Short hose left, Long Hose right, don't see any reason to do it differently.

2. Second stage hose adapters - do you use an adapter on your second stage hoses, such as a 70 degree angle adapter, a 90 degree angle adapter, or a 360 degree swivel adapter? If so, do you use them on both, or only one hose?

90 degree fixed elbow on my short hose, none on my long hose.

3. Cylinder attachment methods – do you use a standard deco / stage bottle rigging kit, or something else? If something else, what do you use for the top at bottom attachment points? Do you use a fixed bottom attachment (e.g. a metal hose clamp), or do you use a cam band?

Jubilee bands at the bottom with a large bolt snap for huge hands + gloves, 1 piece continuous bungee for the top.

4. Cylinder valve position – do you position the aperture (opening) of your valves so that they face into your body? Away from your body? At a 90 degree angle to your body (e.g. facing in, toward the opposing cylinder valve opening)?

Valves in at all times.
 
1. 7 foot hose primary 2nd stage on right cylinder. 26 inch hose on backup with necklace on left cylinder. Primary has bolt snap. Considered using 7 foot hoses on both second stages for air sharing purposes, but decided always to donate the primary second, whether in mouth or clipped to shoulder D-ring.

2. Both second stages have 90 degree angle adaptors.

3. Standard cam bands and X-large bolt snaps that came with SMS 50 rig. Use thick bungee cords to attach bolt snaps.

4. Cylinder values face toward body, i.e., each other. With bungee wrapped, angle shifts slightly. Prefer 1st stage reg with 5'th port on long hose primary stage which aids in hose routing (MK25 in warmer waters, HOG D1 w/ env. kit in colder waters). Both are turret which I find helps with hose routing. My primary on the left cylinder is a Hollis DC3 which works fine w/o 7 foot hose.

5. SPGs on 6 in hoses facing downward.
 
FYI MK25, at least the latest version works great in cold water as well. I have done several ice dives with mk25/G250v and mk25/G260 wit no issues of freezing whatsoever.

- Mikko Laakkonen -

I love diving and teaching others to dive.
 
Newb question on hose lengths.....just started sm course. I have, at this point, elected to go with both hoses long, tucked into tank bands, routed direct (rt reg clipped to left d ring when not in use, left to rt other side, break away bolt snaps) nothing wrapped behind my head, excess is in the tank bands unless needed.

Instructor is a cave guy, his method makes sense to me....no having to switch or even have to think which to donate, have a freaked ooa diver grab the wrong reg or worse, yank the one routed behind my head and pull me silly.

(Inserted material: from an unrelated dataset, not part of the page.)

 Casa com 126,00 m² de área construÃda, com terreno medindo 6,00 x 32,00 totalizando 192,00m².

Constructive thoughts on downsides? If you have a safe option of not having hoses routed behind your head and not having to risk a grab at your short reg hose...why would you?
 
Newb question on hose lengths.....just started sm course. I have, at this point, elected to go with both hoses long, tucked into tank bands, routed direct (rt reg clipped to left d ring when not in use, left to rt other side, break away bolt snaps) nothing wrapped behind my head, excess is in the tank bands unless needed.

Instructor is a cave guy, his method makes sense to me....no having to switch or even have to think which to donate, have a freaked ooa diver grab the wrong reg or worse, yank the one routed behind my head and pull me silly.

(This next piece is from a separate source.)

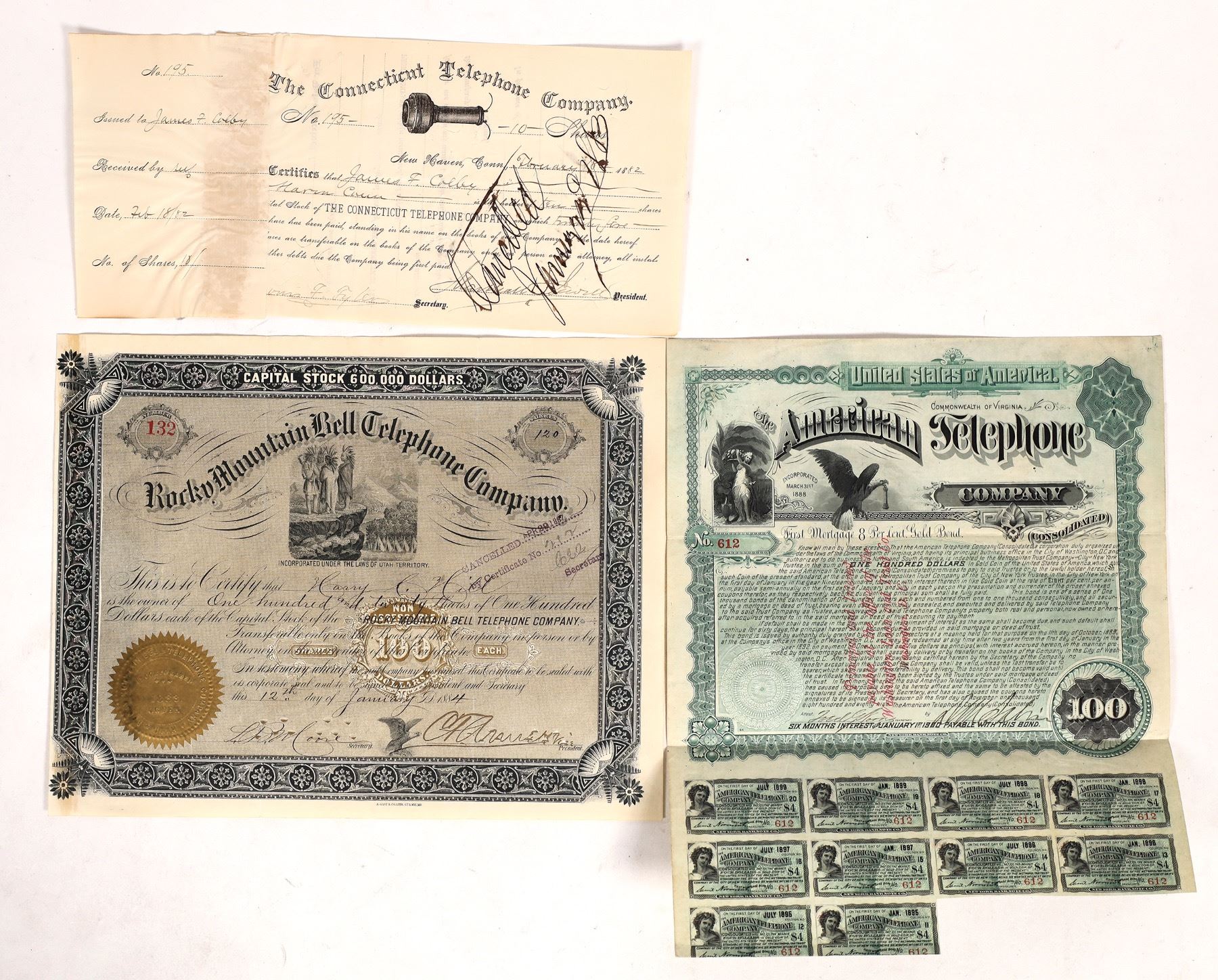 Lot of three. 1) Connecticut Telephone. # 195. Cancelled. 1882. Rocky Mountain Telephone. # 132. 1884. Unusual Native American vignette. Cancelled. Incorporated under the laws of Utah Territory. 3) American Telephone. Gold Bond. #612. 10 coupons attached. 1889.

Constructive thoughts on downsides? If you have a safe option of not having hoses routed behind your head and not having to risk a grab at your short reg hose...why would you?

Issues with two long hoses:

A) Always danger in long hoses, can come loose, get hung up... Ones bad, two worse.

B) no way to differentiate (which tank, connected to bcd or not, etc.)

C) extra tank bands on opposite side


But again there are advantages as you outlined.

It's about personal comfort and functionality. Part of technical diving is building a kit and making it yours.


Dan-O
 
Newb question on hose lengths.....just started sm course. I have, at this point, elected to go with both hoses long, tucked into tank bands, routed direct (rt reg clipped to left d ring when not in use, left to rt other side, break away bolt snaps) nothing wrapped behind my head, excess is in the tank bands unless needed.

Instructor is a cave guy, his method makes sense to me....no having to switch or even have to think which to donate, have a freaked ooa diver grab the wrong reg or worse, yank the one routed behind my head and pull me silly.

Constructive thoughts on downsides? If you have a safe option of not having hoses routed behind your head and not having to risk a grab at your short reg hose...why would you?

When your breakaways break prematurely what's your plan to keep things tidy?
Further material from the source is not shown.